SHARP-QoS: Sparsely-gated Hierarchical Adaptive Routing for joint Prediction of QoS
Suraj Kumar, Arvind Kumar, Soumi Chattopadhyay
TL;DR
SHARP-QoS tackles the challenge of joint QoS prediction under extreme data sparsity and hierarchical dependencies by learning hierarchical features in hyperbolic space and enabling adaptive, task-aware feature sharing across QoS and contextual signals. It introduces a dual HFEB with HyGCN and HHGCN to capture QoS/context hierarchies, a Sub-Network Routing framework with Cross-SNR and gated fusion to flexibly share information, and an EMA-based loss balancing strategy to mitigate negative transfer. The approach is validated across three real-world datasets with two to four QoS parameters, showing consistent, substantial improvements over both single-task and multi-task baselines, along with robustness to outliers and cold-start conditions. The results suggest SHARP-QoS offers scalable, privacy-preserving, and efficient joint QoS prediction suitable for latency-sensitive service environments.
Abstract
Dependable service-oriented computing relies on multiple Quality of Service (QoS) parameters that are essential to assess service optimality. However, real-world QoS data are extremely sparse, noisy, and shaped by hierarchical dependencies arising from QoS interactions, and geographical and network-level factors, making accurate QoS prediction challenging. Existing methods often predict each QoS parameter separately, requiring multiple similar models, which increases computational cost and leads to poor generalization.
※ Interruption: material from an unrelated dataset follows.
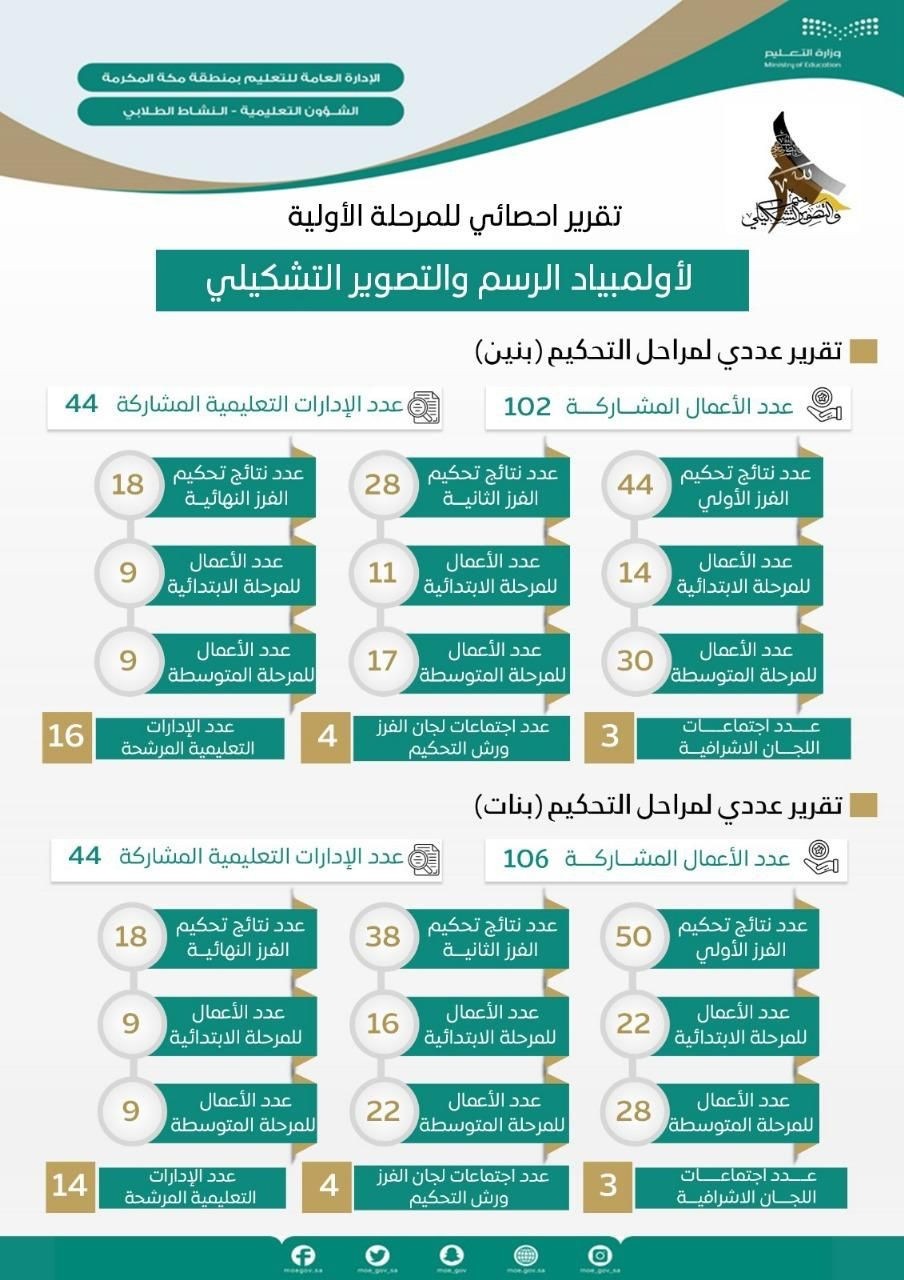 الجدير بالذكر أن المسابقة في مرحلتها الأولى حظيت بمشاركة 102 عملا للطلاب و 106 عملا للطالبات في 44 إدارة تعليمية وقد مرّت الأعمال بمراحل بدأت باللجان الإشرافية والورش التحكيمية وانتهت بالترشيحات.

Although recent joint QoS prediction studies have explored shared architectures, they suffer from negative transfer due to loss-scaling caused by inconsistent numerical ranges across QoS parameters and further struggle with inadequate representation learning, resulting in degraded accuracy. This paper presents an unified strategy for joint QoS prediction, called SHARP-QoS, that addresses these issues using three components. First, we introduce a dual mechanism to extract the hierarchical features from both QoS and contextual structures via hyperbolic convolution formulated in the Poincaré ball. Second, we propose an adaptive feature-sharing mechanism that allows feature exchange across informative QoS and contextual signals. A gated feature fusion module is employed to support dynamic feature selection among structural and shared representations. Third, we design an EMA-based loss balancing strategy that allows stable joint optimization, thereby mitigating the negative transfer. Evaluations on three datasets with two, three, and four QoS parameters demonstrate that SHARP-QoS outperforms both single- and multi-task baselines. Extensive study shows that our model effectively addresses major challenges, including sparsity, robustness to outliers, and cold-start, while maintaining moderate computational overhead, underscoring its capability for reliable joint QoS prediction.